Sprecherin: OÄ Dr. A. Rosenbohm, Neurologische Universitätsklinik im RKU
Stellvertreter: Prof. Dr. J. Weishaupt, Neurologische Universitätsklinik im RKU
Wissenschaftlicher Sekretär: OA Dr. J. Dorst, Neurologische Universitätsklinik im RKU

Klinische Ausstattung, Ambulanzen und innerklinische Kooperationen

Das NMZU hat eine virtuelle Struktur mit verschiedenen Eintrittspforten für Patienten. Zentral für die Versorgung ist das Universitäts- und Rehabilitationskrankenhaus Ulm (RKU) mit der universitären neurologischen Klinik. Diese bietet 66 Akut-Betten (einschließlich Frührehabilitation Phase B) sowie weiteren fachneurologisch betreuten Betten der Rehabilitationsstufen C und D und ein differenziertes und auf die Patientenbedürfnisse abgestimmtes Behandlungskonzept von der akutstationären Therapie bis zur rehabilitativen Versorgung. Sämtliche apparativen Untersuchungsverfahren einschließlich der kompletten radiologischen Diagnostik wie Magnetresonanztomographie (= Kernspintomographie), Computertomographie und Röntgendiagnostik stehen der Klinik zur Verfügung. Nachstationär werden Patienten in unserer neurologischen Hochschulambulanz in Spezialsprechstunden betreut.
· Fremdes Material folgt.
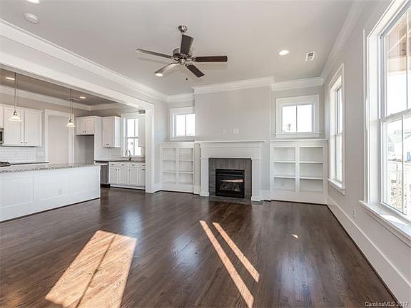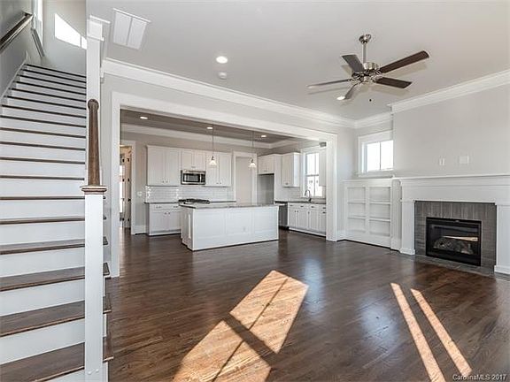 Charming porch-over-porch Creighton plan. Open concept kitchen & living space. Upgrades include built-ins @ fireplace, double barn doors @ entrance to pantry, drop zone in laundry & over-sized 2-car detached garage.

Insgesamt werden am NMZU Patienten vor allem durch Spezialsprechstunden und -laboratorien im RKU, im Sozialpädiatrischen Zentrum (SPZ), an regionalen Lehrkrankenhäusern und engagierten Praxen betreut.
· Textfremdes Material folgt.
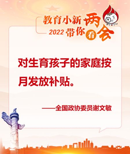 谢文敏委员:对生育孩子的家庭按月发放补贴

Neben der gängigen neurologischen Zusatzdiagnostik wird bei uns sowohl Muskel-MRT im Hause als auch ein eigenes Muskellabor (ca. 100 Biopsien/Jahr) vorgehalten. Für Schluckstörungen besteht eine eigene Ambulanz inclusive FEES-Diagnostik.

Spezialsprechstunden:
  • Neuromuskuläre Ambulanz: OÄ Dr. A. Rosenbohm, Dr. A. Wassner, Dr. T. Fangerau
  • Ambulanz für Schluckstörungen: OA Dr. Neugebauer
  • Sprechstunde für Motoneuronerkrankungen: Prof. Dr. J. Weishaupt, Dr. J. Dorst, Dr. K. Goder, Dr. A. Hübers, Dr. U. Weiland, Dr. E. Langer, Dr. S. Endruhn, Dr. T. Fangerau, Dr. D. Brenner, Dr. W. Ruf
  • Palliativsprechstunde inkl. nicht-invasiver Beatmung im RKU: OA Dr. J. Dorst, Dr. Endruhn
  • Kardio-MRT: Dr. Buckert
  • Skoliosesprechstunde: OA Dr. Erne, Kindersprechstunde: OÄ Dr. R. Taurman, Orthopädische Universitätsklinik im RKU
  • Sozialpädiatrische Sprechstunde: Prof. Dr. H. Bode, Sozialpädiatr. Zentr. (SPZ
  • Sport- und Rehabilitationsmedizinambulanz: Prof. Dr. J. M. Steinacker
  • Sprechstunde für invasiv beatmete Patienten im RKU: CA Dr. Jörg Winckelmann, Dr. K. Wollinsky (OA i.R.)
  • Sprechstunde für Logopädie: B. Lindner-Pfleghar
Speziallaboratorien:
  • Elektrodiagnostiklabor: OÄ Dr. A. Hübers
  • Genetische Beratung: Prof. Dr. G. Borck, Univ. Ulm
  • Muskellabor: OÄ Dr. A. Rosenbohm, Dr. A. Wassner
Laufende Studien zur Myositis

Eine Studie zur Wertigkeit der kardialen Magnetresonanztomographie (MRT) bei Myositiden wurde für die Einschlusskörperchenmyositis durchgeführt. Frühere Studien unterstreichen den hohen Nutzen der kardialen MRT sowie die deutliche Überlegenheit dieser Methode gegenüber der standardmäßig durchgeführten Echokardiographie bei Patienten mit anderen neuromuskulären Erkrankungen. Inzwischen soll für verschiedene neuromuskuläre Erkrankungen ein „Katalog“ erstellt werden, welche Erkrankungsformen mit einer Herzmuskelbeteiligung einhergehen und wie diese ausgeprägt ist. Kardio-MRT Studien werden derzeit bei Einschlusskörperchenmyositis und Kennedy-Syndrom durchgeführt (Dr. Rosenbohm, Dr. Buckert, Prof. Bernhardt).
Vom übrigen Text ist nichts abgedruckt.